Innovation requires boundaries
We cannot build a robust AI economy on a foundation of infrastructure theft. If the free-rider problem remains unchecked, we risk a market where no one invests in data quality because no one can protect it.
The solution is not to ban automation but to govern it. As AI reshapes the nature of work, we must protect the data infrastructure that makes these models effective. Preserving the value of high-quality data is essential for the sustained advancement of the industry. By defining “data misappropriation” at the federal level, we can safeguard legitimate research and interoperability while ensuring that the companies building the digital future can sustain the infrastructure that supports it.
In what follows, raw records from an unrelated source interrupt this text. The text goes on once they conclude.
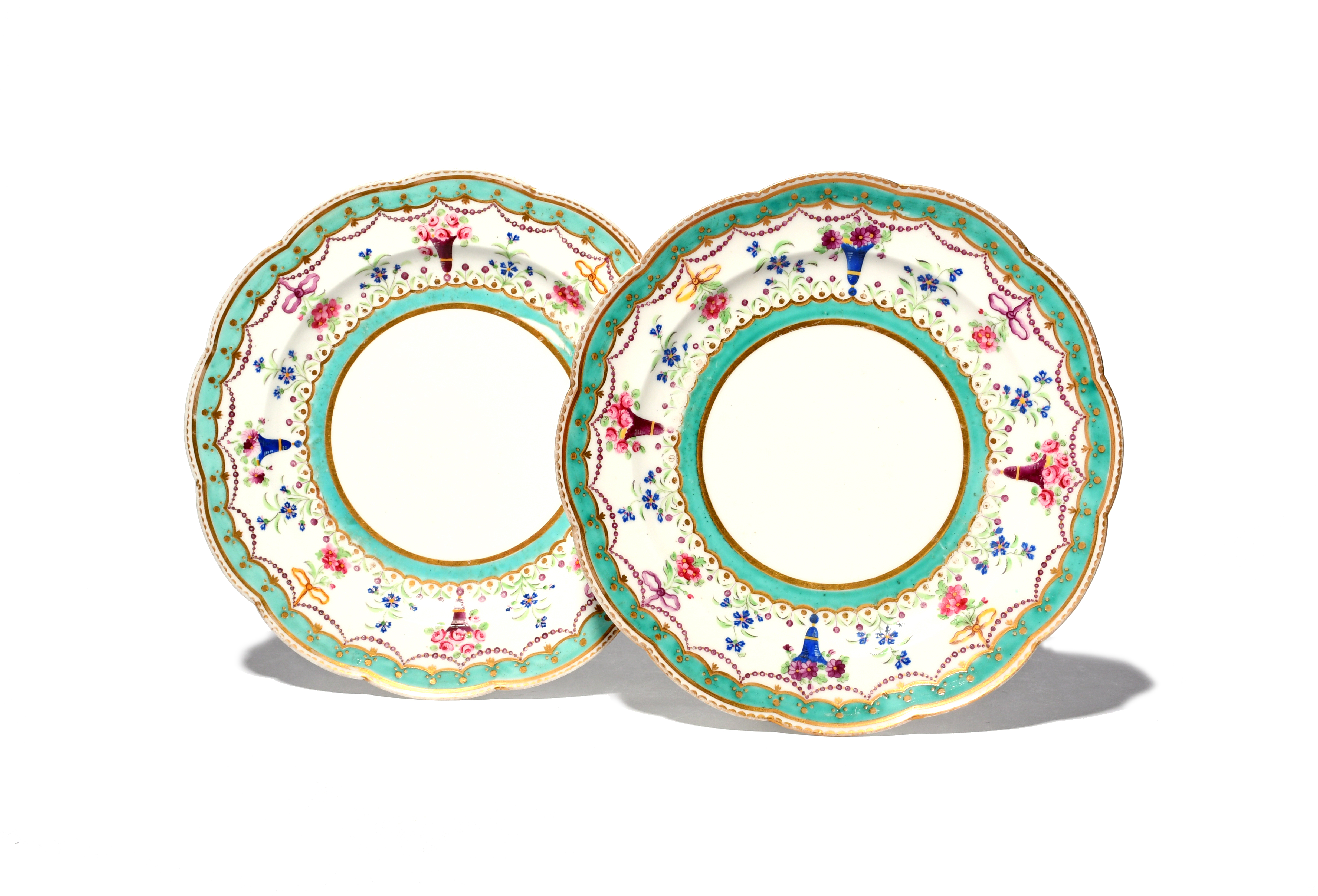 A pair of small Sèvres plates date codes for 1787, painted with vases of flowers issuing from a turquoise border, alternating with cornflower sprigs and suspended posies of tied pink flowers, blue interlaced Ls mark, letter code KK and painter's mark f, gilder's mark fin, 21cm. (2)
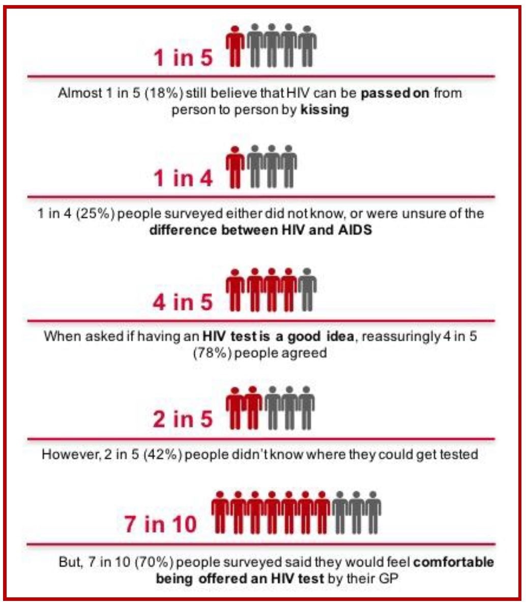 Almost 1 in 5 (18%) people incorrectly said that HIV can be passed from person to person by kissing, and 1 in 4 (25%) didn’t know, or were unsure of, the difference between HIV and AIDS.
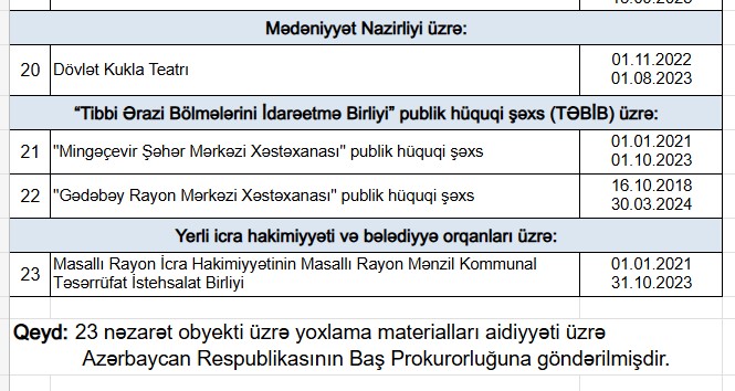 Marja.az Maliyyə Nazirliyinə istinadən xəbər verir ki, hesabat dövründə Xidmətin fəaliyyətinin əsas hissəsini Azərbaycan Respublikası Baş Prokurorluğundan daxil olmuş məktub və qərarların icrası ilə əlaqədar nəzarət tədbirlərinin aparılması təşkil etmişdir. Belə ki, Prokurorluq orqanlarının məktublarına və qərarlarına əsasən 23 təşkilatda yoxlamalar aparılmış, bu yoxlamalarla 1 milyon 990,8 min manat məbləğində artıq və əsassız ödənişlər aşkar edilmiş, yoxlama materialları nöqsanlara hüquqi qiymət verilməsi üçün aidiyyəti üzrə prokurorluq orqanlarına göndərilmişdir (Əlavə N-1 və Əlavə №2).
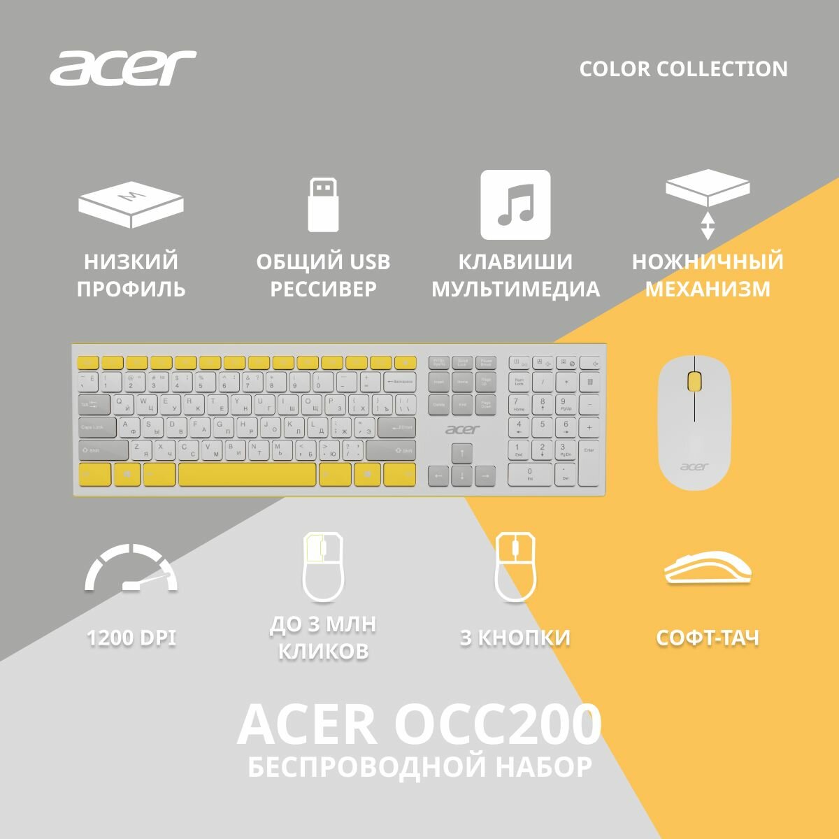 Купить Клавиатура + мышь Acer OCC200 желтый/белый, интерфейс USB, беспроводной, slim-дизайн, Multimedia клавиши (ZL. ACCEE.002) с доставкой по всей России.

Areejit Banerjee is a senior data protection and product security leader focused on reducing automated data harvesting and misuse risk across digital products. He is a graduate researcher at Purdue University studying the compliance and accountability implications of AI-enabled data extraction. He contributes to OWASP Foundation community standards efforts on protection against automated threats, helping modernize guidance for today’s attacker capabilities.